**Data in this exercise**
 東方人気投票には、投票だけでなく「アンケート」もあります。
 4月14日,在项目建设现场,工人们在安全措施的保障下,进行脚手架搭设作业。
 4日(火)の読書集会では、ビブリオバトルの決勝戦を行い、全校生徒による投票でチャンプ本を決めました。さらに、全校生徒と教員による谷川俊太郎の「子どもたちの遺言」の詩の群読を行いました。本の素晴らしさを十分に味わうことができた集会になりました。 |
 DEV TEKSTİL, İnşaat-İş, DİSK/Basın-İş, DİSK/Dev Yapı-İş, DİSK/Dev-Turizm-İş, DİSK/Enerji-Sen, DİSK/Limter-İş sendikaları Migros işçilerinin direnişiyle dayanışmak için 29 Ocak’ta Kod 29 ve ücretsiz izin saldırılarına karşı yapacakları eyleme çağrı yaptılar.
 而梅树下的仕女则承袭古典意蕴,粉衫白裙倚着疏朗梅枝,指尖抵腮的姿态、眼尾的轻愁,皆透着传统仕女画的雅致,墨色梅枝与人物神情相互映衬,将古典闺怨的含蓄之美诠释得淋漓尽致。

==

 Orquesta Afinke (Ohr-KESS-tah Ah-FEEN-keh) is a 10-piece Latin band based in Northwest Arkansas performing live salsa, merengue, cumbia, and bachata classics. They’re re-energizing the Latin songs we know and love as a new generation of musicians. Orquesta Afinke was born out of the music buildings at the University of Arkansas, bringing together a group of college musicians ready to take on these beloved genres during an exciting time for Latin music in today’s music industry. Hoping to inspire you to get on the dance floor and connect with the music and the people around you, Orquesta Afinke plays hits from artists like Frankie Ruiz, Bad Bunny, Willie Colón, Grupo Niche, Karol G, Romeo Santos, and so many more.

**Exercise**
Where the line holding "東方人気投票には、投票だけでなく「アンケート」もあります。" appears in the listing above, start reproducing exactly, and end with the line holding "而梅树下的仕女则承袭古典意蕴".

**Exercise answer**
 東方人気投票には、投票だけでなく「アンケート」もあります。
 4月14日,在项目建设现场,工人们在安全措施的保障下,进行脚手架搭设作业。
 4日(火)の読書集会では、ビブリオバトルの決勝戦を行い、全校生徒による投票でチャンプ本を決めました。さらに、全校生徒と教員による谷川俊太郎の「子どもたちの遺言」の詩の群読を行いました。本の素晴らしさを十分に味わうことができた集会になりました。 |
 DEV TEKSTİL, İnşaat-İş, DİSK/Basın-İş, DİSK/Dev Yapı-İş, DİSK/Dev-Turizm-İş, DİSK/Enerji-Sen, DİSK/Limter-İş sendikaları Migros işçilerinin direnişiyle dayanışmak için 29 Ocak’ta Kod 29 ve ücretsiz izin saldırılarına karşı yapacakları eyleme çağrı yaptılar.
 而梅树下的仕女则承袭古典意蕴,粉衫白裙倚着疏朗梅枝,指尖抵腮的姿态、眼尾的轻愁,皆透着传统仕女画的雅致,墨色梅枝与人物神情相互映衬,将古典闺怨的含蓄之美诠释得淋漓尽致。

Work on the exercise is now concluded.